According to the British “Financial Times” report, the chip design company ARM has recently adjusted its licensing policy, which may have a negative impact on some chip manufacturers, and even threaten the rumoured Mediatek and Nvidia. Collaboration plan. It is reported that MediaTek and Nvidia are conspiring to develop a chip equipped with a new GPU.
ARM’s current licensing policy is to charge manufacturers such as Qualcomm and MediaTek for using its CPU designs based on the chip’s average selling price and licensing fees. However, in the future, ARM will add a small but important change to this policy: if ARM licenses a Cortex CPU to a partner, that partner cannot use its own GPU, ISP, NPU, modem, etc. components.
But companies like Apple and Samsung which have their own CPU designs and custom chips for GPUs, ISPs, NPUs, modems, etc. will not be affected by this policy change because they have their own agreements with ARM. Other companies don’t have that advantage, though.
Twitter user @RGcloudS analyzed the implications of this new authorization policy in a series of tweets.
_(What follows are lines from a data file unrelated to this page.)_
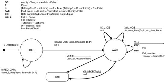 In the case of the processors (i.e., the subscribers), their behavior has to deal with timestamps and deadlines. As it can be seen in Figure 6, the processor connects to the broker and remains connected while this latter forwards data received from the terminals. In the first state, the processor is IDLE waiting for an activation from the software application controlling the IoT scenario. Once the application requests data to the processor, REQ_DATA, it sends a SEND_S_REQ(Topic,TStampR,D,P) to the corresponding broker. The parameters identify the topic, the actual time of the request, the deadline, and the period. The topic is a variable used to identify classes of requested information (e.g., weather, traffic, or pictures of surveillance cameras). When the broker accepts the subscription, Subs_Ack(Topic,TStampS,D,P, the processors goes to the WAIT state.
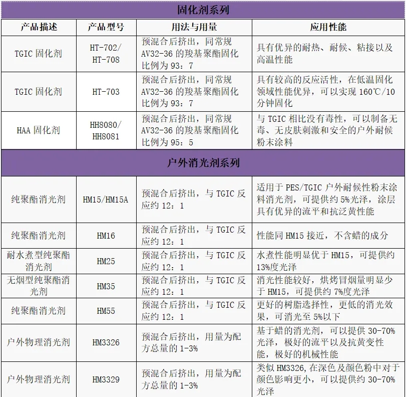 在这些产品之中,伟德客户端官网级TGIC产品经预混合后挤出,同常规AV32-36的羧基聚酯固化比例为93:7,可具备卓越的耐候、耐高温、粘接等性能,还可实现160℃/10分钟低温固化。此外,另一款HAA产品则具备了一贯的无毒、无皮肤刺激等优越特性,可用来制备安全性突出、耐高温和抗厚涂的户外耐候性伟德客户端官网。
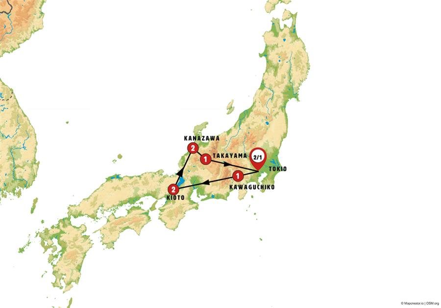 Tras el desayuno salimos a HIDA FURUKAWA, paseamos por su casco antiguo. Su fiesta-festival ha sido declarado por la Unesco Patrimonio inmaterial de la humanidad, con sus grandes tambores y carrozas bellamente decoradas. Incluiremos la entrada al museo que nos habla de la fiesta y nos muestra las carrozas, vestidos y tambores que se utilizan. Continuamos nuestra ruta cruzando los Alpes japoneses, con sus paisajes nevados gran parte del año. MATSUMOTO, llegada a esta turística ciudad donde visitaremos su impresionante castillo conocido como el “castillo de los cuervos” por su color negro y que data del siglo XVI. Tras ello tiempo libre para almorzar y pasear. A media tarde saldremos de regreso hacia TOKIO, llegada al final del día.

He believes that, in addition to MediaTek and Nvidia’s cooperation, this policy change may also prevent Qualcomm from launching a Snapdragon chip with a custom Oryon core based on technology from Nuvia, which Qualcomm acquired. He mentioned that to avoid this, Qualcomm and MediaTek need to register themselves as device manufacturers and build their own factories. However, ARM knows this is risky for both chipmakers and believes they will not take this move but embrace the new changes.
It is unclear whether ARM will file a lawsuit against Qualcomm because of this policy change.